Task details:
Look below for the line containing "以太坊上个交易日走出1915"; from there, print each line exactly up to and including the line containing "A liquidificadora Bosch", and stop.

"""

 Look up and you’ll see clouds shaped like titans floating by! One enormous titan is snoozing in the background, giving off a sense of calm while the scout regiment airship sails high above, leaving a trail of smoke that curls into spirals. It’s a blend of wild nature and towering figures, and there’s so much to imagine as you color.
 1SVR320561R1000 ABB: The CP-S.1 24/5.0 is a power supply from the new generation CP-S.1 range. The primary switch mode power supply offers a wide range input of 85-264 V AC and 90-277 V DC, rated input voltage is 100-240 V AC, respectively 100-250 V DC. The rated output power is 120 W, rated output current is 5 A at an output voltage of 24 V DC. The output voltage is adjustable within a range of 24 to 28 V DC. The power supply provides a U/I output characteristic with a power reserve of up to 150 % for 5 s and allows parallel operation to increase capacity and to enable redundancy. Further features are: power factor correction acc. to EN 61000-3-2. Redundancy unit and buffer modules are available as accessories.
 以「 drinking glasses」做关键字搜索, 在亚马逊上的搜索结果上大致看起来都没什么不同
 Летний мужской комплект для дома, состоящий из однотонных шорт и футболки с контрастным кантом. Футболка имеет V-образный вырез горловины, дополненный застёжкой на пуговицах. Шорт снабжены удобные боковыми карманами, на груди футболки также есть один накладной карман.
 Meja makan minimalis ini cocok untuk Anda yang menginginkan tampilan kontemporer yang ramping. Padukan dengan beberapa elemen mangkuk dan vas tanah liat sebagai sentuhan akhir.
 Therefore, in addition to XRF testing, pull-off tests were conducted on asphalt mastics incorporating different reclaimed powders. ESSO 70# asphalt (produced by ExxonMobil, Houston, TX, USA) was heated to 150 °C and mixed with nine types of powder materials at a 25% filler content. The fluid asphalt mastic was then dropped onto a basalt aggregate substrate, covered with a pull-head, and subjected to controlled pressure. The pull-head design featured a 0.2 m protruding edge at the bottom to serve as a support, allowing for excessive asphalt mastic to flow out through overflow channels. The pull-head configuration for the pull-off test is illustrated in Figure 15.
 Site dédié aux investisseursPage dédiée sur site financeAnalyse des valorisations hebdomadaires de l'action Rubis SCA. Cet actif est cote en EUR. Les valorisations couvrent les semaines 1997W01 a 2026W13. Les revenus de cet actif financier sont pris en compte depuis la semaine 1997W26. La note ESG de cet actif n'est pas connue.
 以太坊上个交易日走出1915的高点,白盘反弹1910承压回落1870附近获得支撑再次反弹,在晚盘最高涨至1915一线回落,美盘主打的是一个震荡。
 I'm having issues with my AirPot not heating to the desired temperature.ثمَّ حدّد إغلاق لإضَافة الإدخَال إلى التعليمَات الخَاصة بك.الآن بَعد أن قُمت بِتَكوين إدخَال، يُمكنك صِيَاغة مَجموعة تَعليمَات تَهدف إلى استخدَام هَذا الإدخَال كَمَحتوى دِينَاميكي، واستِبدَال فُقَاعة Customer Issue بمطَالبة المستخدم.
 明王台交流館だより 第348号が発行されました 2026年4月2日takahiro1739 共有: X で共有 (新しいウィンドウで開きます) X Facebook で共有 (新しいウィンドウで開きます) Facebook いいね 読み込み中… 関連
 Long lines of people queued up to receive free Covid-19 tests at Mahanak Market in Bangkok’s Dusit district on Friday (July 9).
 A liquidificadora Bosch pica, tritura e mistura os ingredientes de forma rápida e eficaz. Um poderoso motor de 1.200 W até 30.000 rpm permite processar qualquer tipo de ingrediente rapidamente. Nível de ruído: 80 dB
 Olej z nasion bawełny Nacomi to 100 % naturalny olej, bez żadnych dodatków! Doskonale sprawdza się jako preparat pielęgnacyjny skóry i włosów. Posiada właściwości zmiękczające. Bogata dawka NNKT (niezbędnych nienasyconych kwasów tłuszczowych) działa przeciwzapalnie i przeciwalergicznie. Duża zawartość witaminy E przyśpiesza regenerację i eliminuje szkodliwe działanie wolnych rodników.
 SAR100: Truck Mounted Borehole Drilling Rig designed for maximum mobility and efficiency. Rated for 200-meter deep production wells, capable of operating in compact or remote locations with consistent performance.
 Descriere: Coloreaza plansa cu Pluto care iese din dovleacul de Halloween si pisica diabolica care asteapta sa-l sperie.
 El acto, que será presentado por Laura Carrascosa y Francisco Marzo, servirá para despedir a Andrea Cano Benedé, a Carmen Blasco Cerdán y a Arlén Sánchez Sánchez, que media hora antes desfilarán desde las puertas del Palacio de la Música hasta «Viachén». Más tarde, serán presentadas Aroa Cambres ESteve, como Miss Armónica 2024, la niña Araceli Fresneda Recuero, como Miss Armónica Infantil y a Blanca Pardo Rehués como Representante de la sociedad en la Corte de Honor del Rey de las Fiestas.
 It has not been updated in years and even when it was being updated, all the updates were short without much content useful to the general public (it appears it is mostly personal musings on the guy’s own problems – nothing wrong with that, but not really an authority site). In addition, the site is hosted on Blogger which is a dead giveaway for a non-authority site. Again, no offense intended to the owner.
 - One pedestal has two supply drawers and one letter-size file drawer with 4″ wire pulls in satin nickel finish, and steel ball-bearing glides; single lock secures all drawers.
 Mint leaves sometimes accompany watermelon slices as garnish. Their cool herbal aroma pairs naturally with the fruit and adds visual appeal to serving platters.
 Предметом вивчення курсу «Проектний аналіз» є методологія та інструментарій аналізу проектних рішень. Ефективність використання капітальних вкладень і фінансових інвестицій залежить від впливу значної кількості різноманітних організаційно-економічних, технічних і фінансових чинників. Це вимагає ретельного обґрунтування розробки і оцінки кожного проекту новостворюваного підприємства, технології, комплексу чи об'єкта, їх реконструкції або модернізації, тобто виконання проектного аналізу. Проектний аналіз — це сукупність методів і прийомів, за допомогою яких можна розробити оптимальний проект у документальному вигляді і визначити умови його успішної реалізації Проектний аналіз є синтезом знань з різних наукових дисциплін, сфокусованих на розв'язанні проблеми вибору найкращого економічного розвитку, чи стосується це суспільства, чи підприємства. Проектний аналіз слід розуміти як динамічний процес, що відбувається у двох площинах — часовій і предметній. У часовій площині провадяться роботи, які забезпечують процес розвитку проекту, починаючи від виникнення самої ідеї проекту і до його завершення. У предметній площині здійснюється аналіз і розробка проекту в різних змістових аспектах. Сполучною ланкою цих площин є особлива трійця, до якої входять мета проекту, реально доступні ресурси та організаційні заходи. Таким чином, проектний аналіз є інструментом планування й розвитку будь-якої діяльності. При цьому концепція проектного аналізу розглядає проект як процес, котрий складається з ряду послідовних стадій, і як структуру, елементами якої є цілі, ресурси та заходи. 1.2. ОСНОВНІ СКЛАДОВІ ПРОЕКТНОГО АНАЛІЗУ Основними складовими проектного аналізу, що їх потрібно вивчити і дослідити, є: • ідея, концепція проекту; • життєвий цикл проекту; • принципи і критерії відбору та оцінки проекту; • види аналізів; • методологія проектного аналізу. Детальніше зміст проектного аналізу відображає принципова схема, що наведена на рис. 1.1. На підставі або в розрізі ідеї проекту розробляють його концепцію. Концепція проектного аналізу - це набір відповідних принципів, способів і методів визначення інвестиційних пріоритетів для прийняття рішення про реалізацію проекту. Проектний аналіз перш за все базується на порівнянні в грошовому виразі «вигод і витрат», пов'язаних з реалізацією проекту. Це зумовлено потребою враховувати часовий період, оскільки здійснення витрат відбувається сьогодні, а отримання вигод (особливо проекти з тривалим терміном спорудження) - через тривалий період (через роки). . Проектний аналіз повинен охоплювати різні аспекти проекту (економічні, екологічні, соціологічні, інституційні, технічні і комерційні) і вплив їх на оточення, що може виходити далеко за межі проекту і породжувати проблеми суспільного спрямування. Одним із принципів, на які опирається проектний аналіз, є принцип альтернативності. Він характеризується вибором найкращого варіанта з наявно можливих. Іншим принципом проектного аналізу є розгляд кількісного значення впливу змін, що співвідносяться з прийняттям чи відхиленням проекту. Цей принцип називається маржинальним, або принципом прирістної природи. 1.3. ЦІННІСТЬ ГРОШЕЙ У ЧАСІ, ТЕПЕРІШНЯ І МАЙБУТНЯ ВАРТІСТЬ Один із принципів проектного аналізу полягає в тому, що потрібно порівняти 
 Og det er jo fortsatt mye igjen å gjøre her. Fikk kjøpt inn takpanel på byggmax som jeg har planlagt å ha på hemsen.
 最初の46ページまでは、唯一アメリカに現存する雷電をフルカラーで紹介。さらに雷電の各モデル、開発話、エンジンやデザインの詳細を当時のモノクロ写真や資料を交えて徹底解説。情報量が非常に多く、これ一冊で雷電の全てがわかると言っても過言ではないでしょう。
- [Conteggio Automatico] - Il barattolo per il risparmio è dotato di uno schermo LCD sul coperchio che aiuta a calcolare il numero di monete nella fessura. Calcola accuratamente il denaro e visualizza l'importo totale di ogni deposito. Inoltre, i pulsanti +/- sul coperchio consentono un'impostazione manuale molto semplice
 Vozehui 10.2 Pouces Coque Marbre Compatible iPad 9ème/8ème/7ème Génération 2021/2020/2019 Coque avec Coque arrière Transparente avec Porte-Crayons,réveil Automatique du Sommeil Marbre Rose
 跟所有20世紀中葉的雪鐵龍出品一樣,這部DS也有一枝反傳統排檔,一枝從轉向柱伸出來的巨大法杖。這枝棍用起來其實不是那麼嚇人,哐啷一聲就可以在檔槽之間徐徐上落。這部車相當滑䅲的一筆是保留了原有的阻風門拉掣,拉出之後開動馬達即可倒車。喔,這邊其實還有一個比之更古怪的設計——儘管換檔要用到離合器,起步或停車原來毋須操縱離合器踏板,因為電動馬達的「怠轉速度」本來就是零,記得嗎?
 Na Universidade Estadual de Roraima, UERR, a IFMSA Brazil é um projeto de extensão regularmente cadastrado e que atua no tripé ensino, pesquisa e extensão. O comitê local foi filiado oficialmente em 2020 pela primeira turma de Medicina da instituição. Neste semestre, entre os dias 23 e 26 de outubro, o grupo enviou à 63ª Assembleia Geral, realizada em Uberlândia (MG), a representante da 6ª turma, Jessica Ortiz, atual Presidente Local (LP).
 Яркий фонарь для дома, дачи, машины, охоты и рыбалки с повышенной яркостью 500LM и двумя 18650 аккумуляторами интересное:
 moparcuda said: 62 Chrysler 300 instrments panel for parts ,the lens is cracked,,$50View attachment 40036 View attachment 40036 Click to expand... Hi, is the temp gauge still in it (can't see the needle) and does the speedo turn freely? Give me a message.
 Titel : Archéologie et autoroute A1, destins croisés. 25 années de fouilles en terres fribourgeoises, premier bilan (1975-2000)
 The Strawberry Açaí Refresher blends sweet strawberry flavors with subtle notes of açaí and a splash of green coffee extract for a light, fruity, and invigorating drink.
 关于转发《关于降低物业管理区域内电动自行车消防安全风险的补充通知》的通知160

"""

Your response:
 以太坊上个交易日走出1915的高点,白盘反弹1910承压回落1870附近获得支撑再次反弹,在晚盘最高涨至1915一线回落,美盘主打的是一个震荡。
 I'm having issues with my AirPot not heating to the desired temperature.ثمَّ حدّد إغلاق لإضَافة الإدخَال إلى التعليمَات الخَاصة بك.الآن بَعد أن قُمت بِتَكوين إدخَال، يُمكنك صِيَاغة مَجموعة تَعليمَات تَهدف إلى استخدَام هَذا الإدخَال كَمَحتوى دِينَاميكي، واستِبدَال فُقَاعة Customer Issue بمطَالبة المستخدم.
 明王台交流館だより 第348号が発行されました 2026年4月2日takahiro1739 共有: X で共有 (新しいウィンドウで開きます) X Facebook で共有 (新しいウィンドウで開きます) Facebook いいね 読み込み中… 関連
 Long lines of people queued up to receive free Covid-19 tests at Mahanak Market in Bangkok’s Dusit district on Friday (July 9).
 A liquidificadora Bosch pica, tritura e mistura os ingredientes de forma rápida e eficaz. Um poderoso motor de 1.200 W até 30.000 rpm permite processar qualquer tipo de ingrediente rapidamente. Nível de ruído: 80 dB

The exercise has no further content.